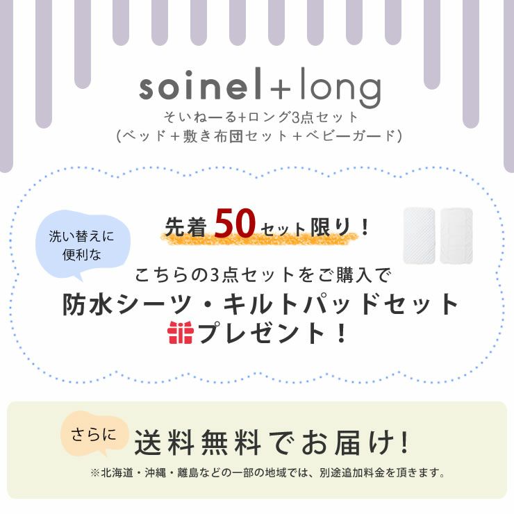 大人のベッドにつなげることで安全に添い寝ができる延長式のベビーベッド「そいねーる」。人気のベビーベッドと掛け布団、ベビーガードの3点セットをご購入いただいた方には、そいねーる専用サイズの「防水シーツ」と「キルトパッド」をプレゼントしております!
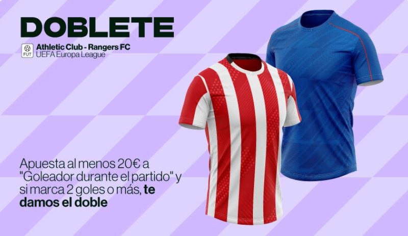 RETAbet presenta una promoción exclusiva para el esperado duelo entre Athletic Club vs Rangers: la Promoción Doblete. Si seleccionas a un jugador en el mercado «Goleador durante el partido» y anota dos o más goles, recibirás el doble de tus ganancias en Freebets. Es una oportunidad perfecta para maximizar tus ganancias en este emocionante encuentro.
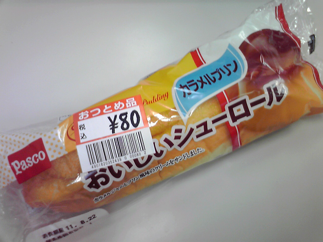 練習後の補食: プールにプロテインをもっていったので終わってすぐプロテイン20g+ブドウ糖20g。そのあと、えび煎餅とPasco「おいしいシューロールカラメルプリン」(388kcal,たんぱく質8.4g,脂質12.7g,炭水化物59.9g)。
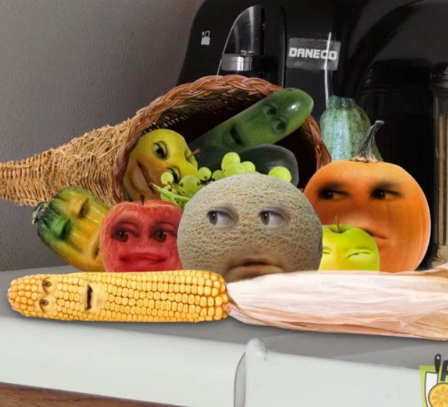 The Cornucopia was a group of minor characters and foods who only appeared in the Annoying Orange episode "2 BILLION VIEWS!". They were seen being knifed as a joke filler for the fact that 17% of the deaths up to that point were by way of Knife.
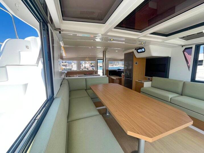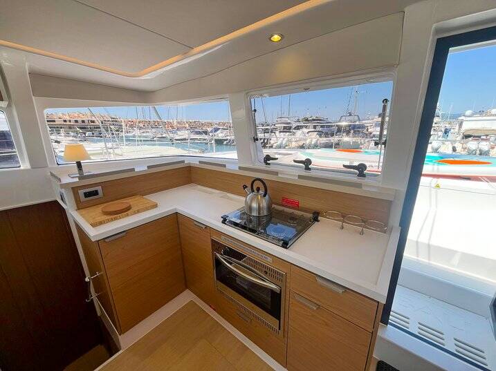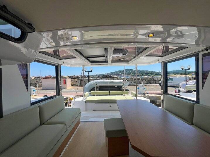 Catamaran Bali 4.2 Love, built in 2025 is anchored in the Marines de Cogolin, Provence-Alpes-Côte d'Azur, France. It has 4 cabins, can accommodate 8 + 2 people and has 4 toilets. Bed linen and kitchen equipment are included in the price.
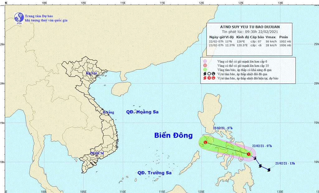 Dự báo, từ 7 giờ ngày 23/2 đến 7 giờ ngày 24/2, vùng áp thấp di chuyển theo hướng Tây Tây Bắc, đi vào Biển Đông sau đó tiếp tục suy yếu thêm. Bão Dujuan không ảnh hưởng đến đất liền Việt Nam, tuy nhiên tác động của áp thấp có khả năng gây gió mạnh trên biển. Mưa dông xuất hiện mạnh ở phần phía Tây, có thể gây nguy hiểm cho tàu thuyền đang hoạt động ở vùng biển phía Đông Nam Biển Đông.
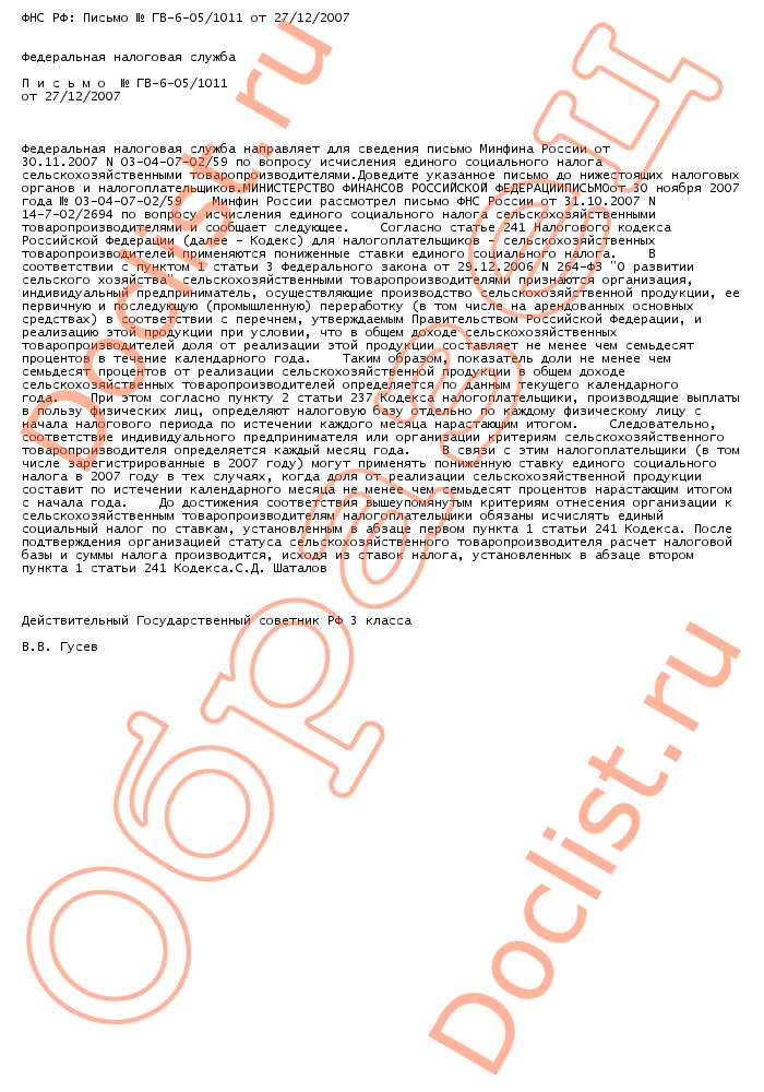 ФНС РФ: Письмо № ГВ-6-05/1011 от 27/12/2007 скачать образец документа
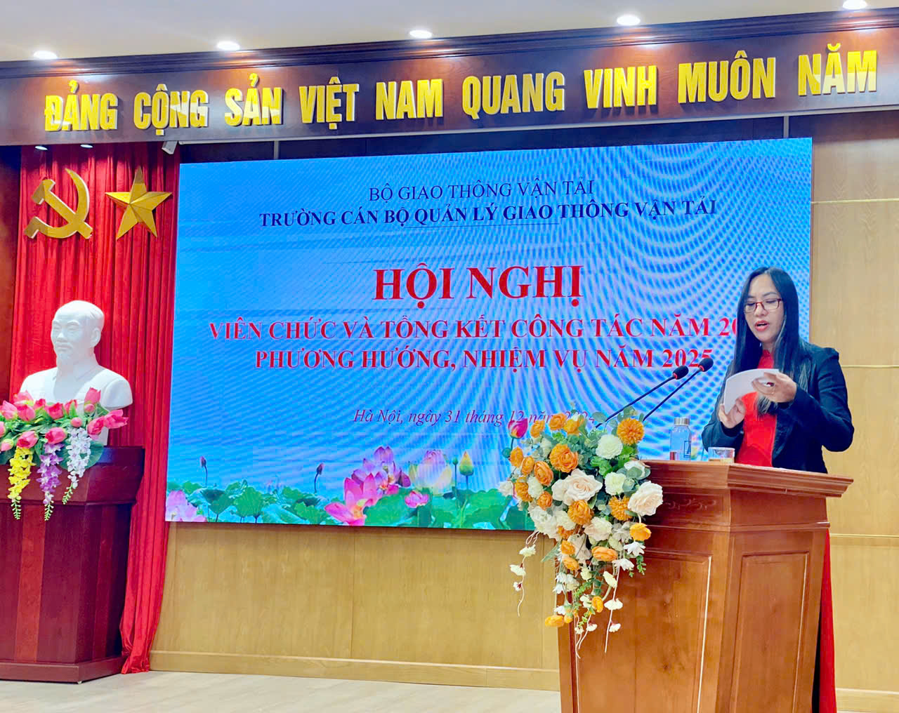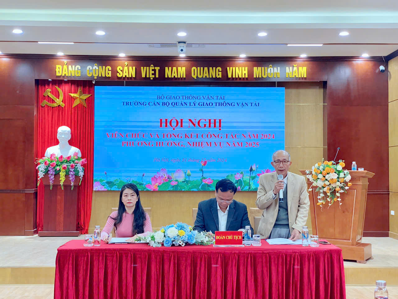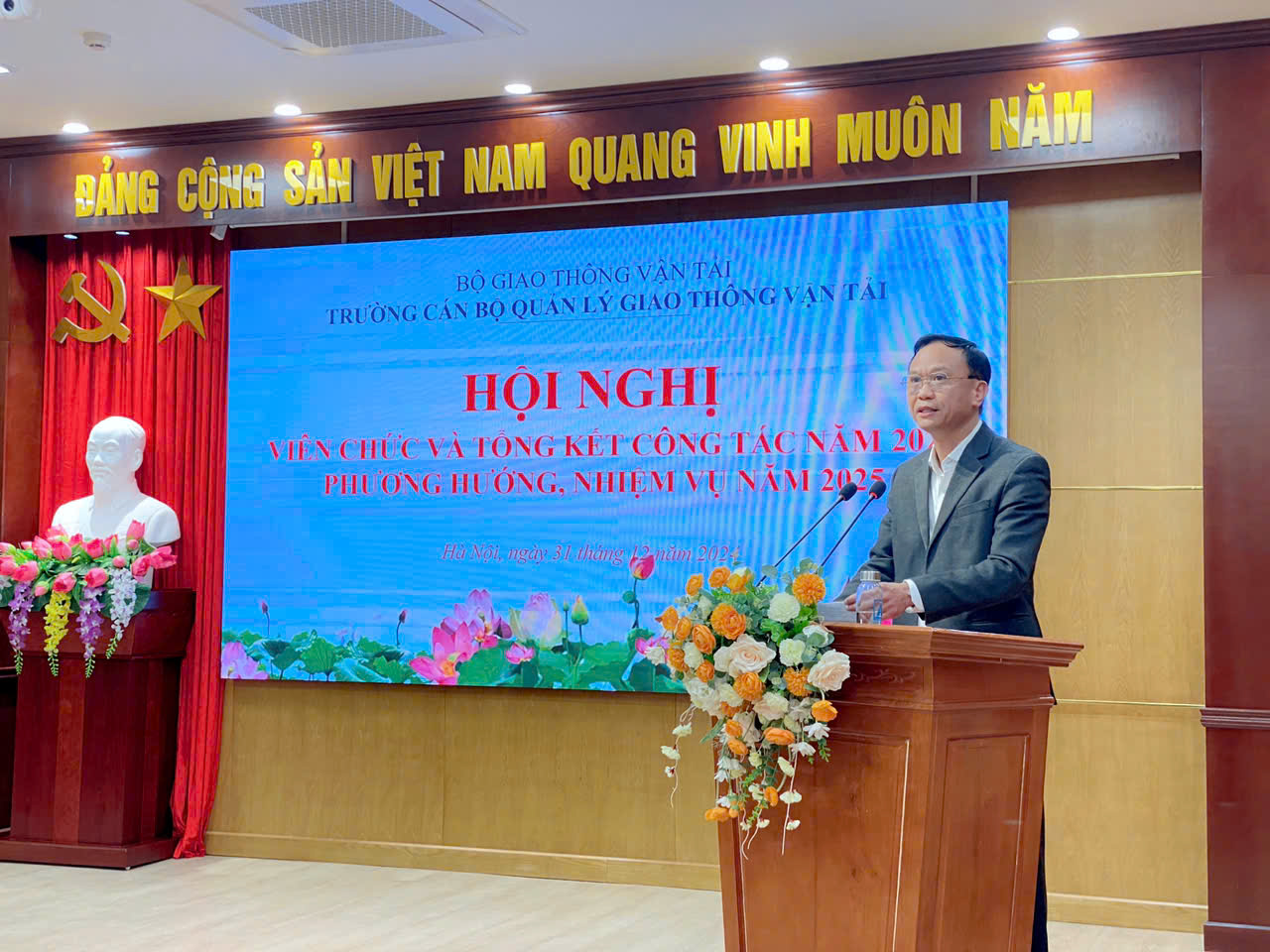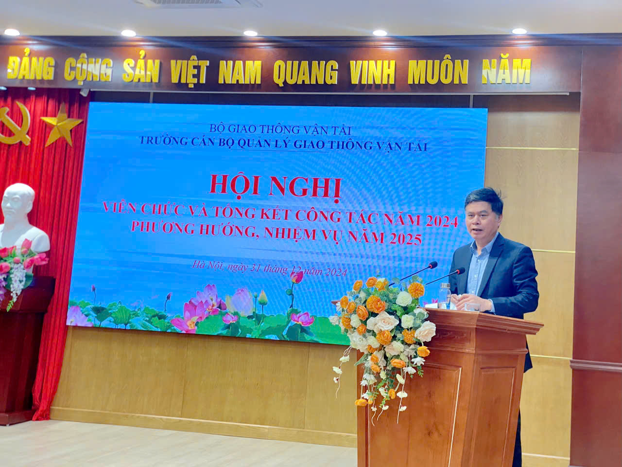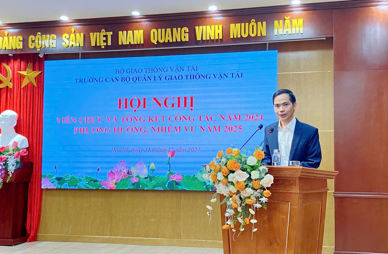 Ngày 31/12/2024, Trường Cán bộ quản lý giao thông vận tải đã tổ chức Hội nghị viên chức và Tổng kết công tác năm 2024, phương hướng nhiệm vụ năm 2025. Tham dự Hội nghị có Đ/c Đoàn Huy Khương, Ủy viên Ban Thường vụ Đảng ủy, Trưởng Ban tổ chức Đảng ủy Bộ GTVT; Đ/c Nguyễn Văn Nghĩa, Phó Vụ trưởng, Vụ Tổ chức cán bộ, Bộ GTVT; Đ/c Quách Xuân Vinh, Phó Chủ tịch Công đoàn GTVT Việt Nam; cùng dự còn có các đồng chí là cán bộ, chuyên viên Đảng ủy Bộ GTVT, Vụ Tổ chức cán bộ và Công đoàn GTVT Việt Nam; về phía Trường Cán bộ quản lý giao thông vận tải có Đ/c Ngô Anh Tuấn, Ủy viên Ban chấp hành Đảng bộ Bộ Giao thông vận tải, Bí thư Đảng ủy, Hiệu trưởng Nhà trường; cùng dự còn có các đồng chí Phó Hiệu trưởng, các đ/c trong BCH Đảng bộ, lãnh đạo các đơn vị và toàn thể viên chức, người lao động Trường.

- [What to do]: I need the lines from the one containing "Dự báo, từ 7" through the end of the records retyped exactly, with the pictures left out.

- [Expected output]:
 Dự báo, từ 7 giờ ngày 23/2 đến 7 giờ ngày 24/2, vùng áp thấp di chuyển theo hướng Tây Tây Bắc, đi vào Biển Đông sau đó tiếp tục suy yếu thêm. Bão Dujuan không ảnh hưởng đến đất liền Việt Nam, tuy nhiên tác động của áp thấp có khả năng gây gió mạnh trên biển. Mưa dông xuất hiện mạnh ở phần phía Tây, có thể gây nguy hiểm cho tàu thuyền đang hoạt động ở vùng biển phía Đông Nam Biển Đông.
 ФНС РФ: Письмо № ГВ-6-05/1011 от 27/12/2007 скачать образец документа
 Ngày 31/12/2024, Trường Cán bộ quản lý giao thông vận tải đã tổ chức Hội nghị viên chức và Tổng kết công tác năm 2024, phương hướng nhiệm vụ năm 2025. Tham dự Hội nghị có Đ/c Đoàn Huy Khương, Ủy viên Ban Thường vụ Đảng ủy, Trưởng Ban tổ chức Đảng ủy Bộ GTVT; Đ/c Nguyễn Văn Nghĩa, Phó Vụ trưởng, Vụ Tổ chức cán bộ, Bộ GTVT; Đ/c Quách Xuân Vinh, Phó Chủ tịch Công đoàn GTVT Việt Nam; cùng dự còn có các đồng chí là cán bộ, chuyên viên Đảng ủy Bộ GTVT, Vụ Tổ chức cán bộ và Công đoàn GTVT Việt Nam; về phía Trường Cán bộ quản lý giao thông vận tải có Đ/c Ngô Anh Tuấn, Ủy viên Ban chấp hành Đảng bộ Bộ Giao thông vận tải, Bí thư Đảng ủy, Hiệu trưởng Nhà trường; cùng dự còn có các đồng chí Phó Hiệu trưởng, các đ/c trong BCH Đảng bộ, lãnh đạo các đơn vị và toàn thể viên chức, người lao động Trường.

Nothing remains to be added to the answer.